The paper at hand presents a pilot study for defining the salient features of cadences in the context of a cadence blending system, based on the data collected from perceptual experiments. The system-produced blended cadences incorporate combinations of features from manually-made input cadences, while the importance of each feature differs according to its perceptual salience. The salience of features is obtained by applying the Differential Evolution (DE) algorithm for optimally matching (in terms of pairwise dissimilarity) the system-perceived cadence relations with the perceptual space extracted by the experiment with humans. This study is a first step towards increasing self-awareness in a creative system that produces cadences through conceptual blending.

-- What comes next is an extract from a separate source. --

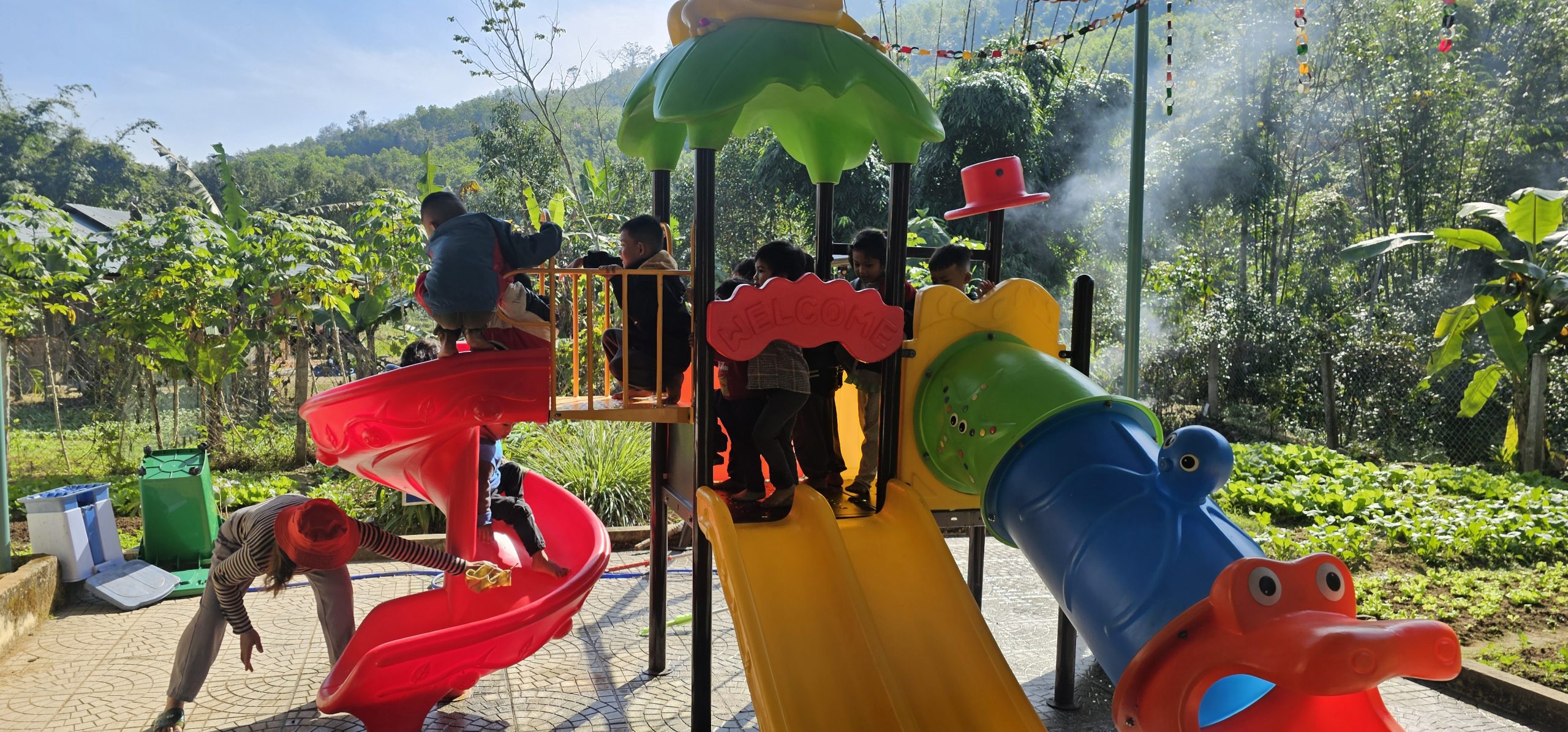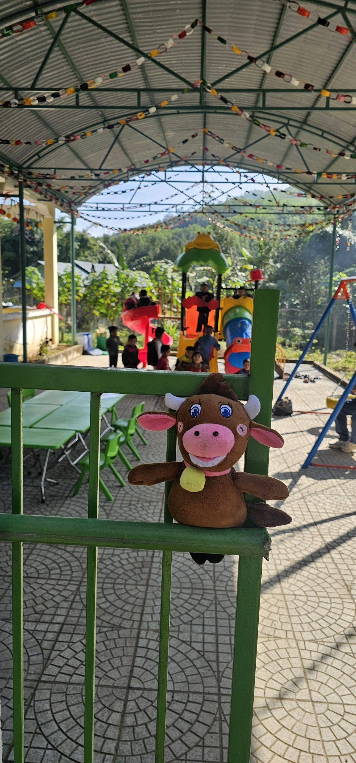 - Inspection of the shaded area designed & installed for the kindergarten in K8 hamlet, creating a safe and welcoming environment for local children to learn and grow.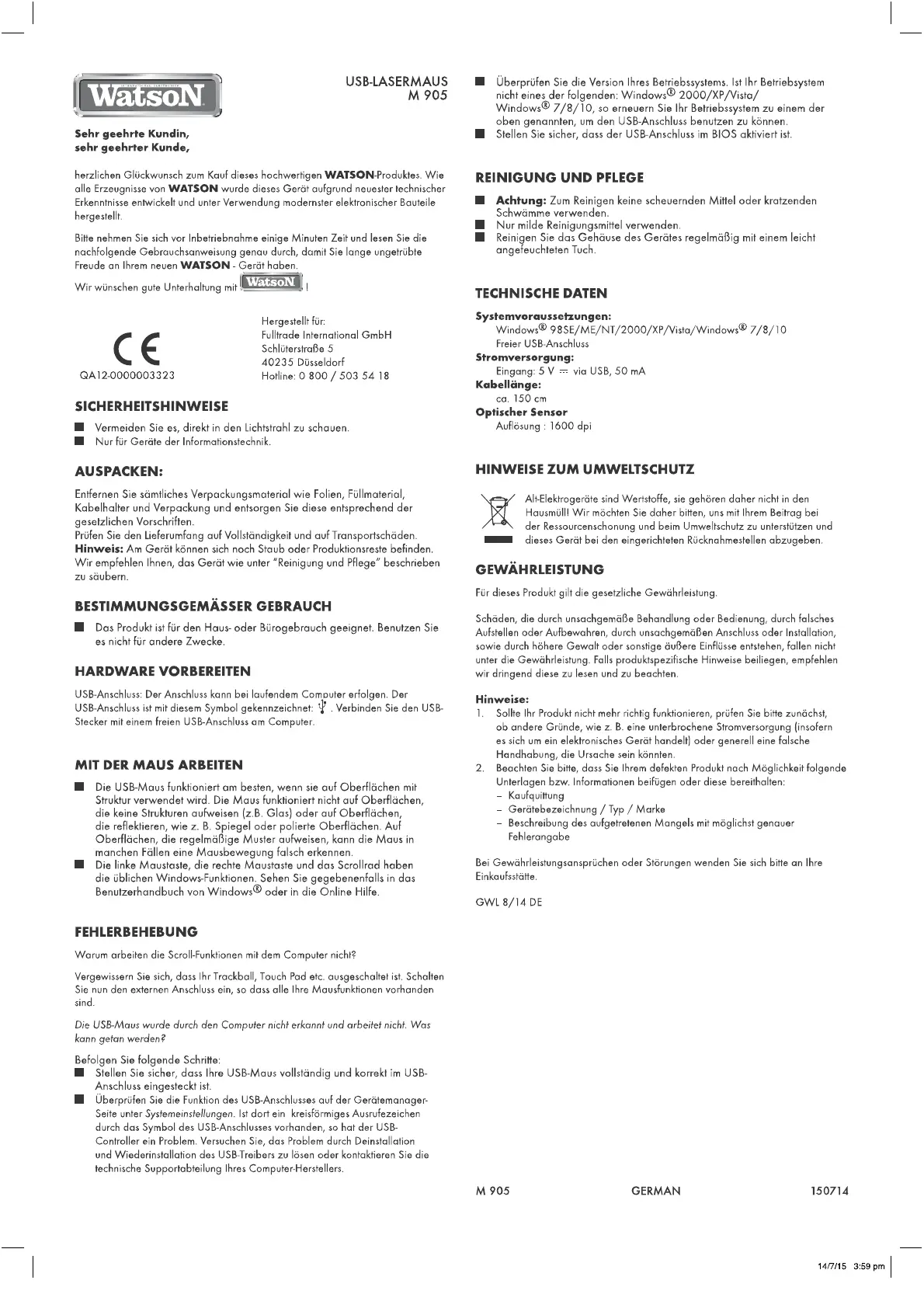 Lies die bedienungsanleitung für Watson M 905 (2 Seiten) kostenlos online; sie gehört zur Kategorie Maus. Dieses Handbuch wurde von 23 Personen als hilfreich bewertet und erhielt im Schnitt 4.3 Sterne aus 12 Bewertungen. Hast du eine Frage zu Watson M 905 oder möchtest du andere Nutzer dieses Produkts befragen? Stelle eine Frage

2 A Formal Description of Cadences for Generative Conceptual Blending

In this paper a cadence is considered as a special case of a transition (a chord following another), but with the second chord is fixed. Therefore, when blending two input cadences, the characteristics of the penultimate chords of the inputs are combined to produce new penultimate blended chords that are paired with the fixed final chord to constitute the blended cadence. For instance, the case of blending, e.g., the perfect with the Phrygian cadences is described by the transitions I\(_1\): G7 \(\rightarrow \) Cm and I\(_2\): B\(\flat \)m \(\rightarrow \) Cm respectively, while a blend of these inputs is the tritone substitution cadence, C\(\sharp \)7 \(\rightarrow \) Cm [7, 19]. The perceptual characteristics of the penultimate chord that are considered for describing a cadence are the following:

  1. 1.

    fcRoot: Root of the first chord.

  2. 2.

    fcType: Type of the first chord as presented by the GCT.

  3. 3.

    fcPCs: Pitch classes of the penultimate chord.

  4. 4.

    rDiff: Root difference for the transition.

  5. 5.

    DIC0: Existence of fixed pitch class.

  6. 6.

    DIC1: Existence of upward semitone movement in pitch classes.

  7. 7.

    DIC-1: Existence of downward semitone movement in pitch classes.

  8. 8.

    DIC: The compete DIC vector of the chord transition.

  9. 9.

    asc: Existence of ascending semitone to the tonic.

  10. 10.

    desc: Existence of descending semitone to the tonic.

  11. 11.

    semi: Existence of semitone movement towards the tonic.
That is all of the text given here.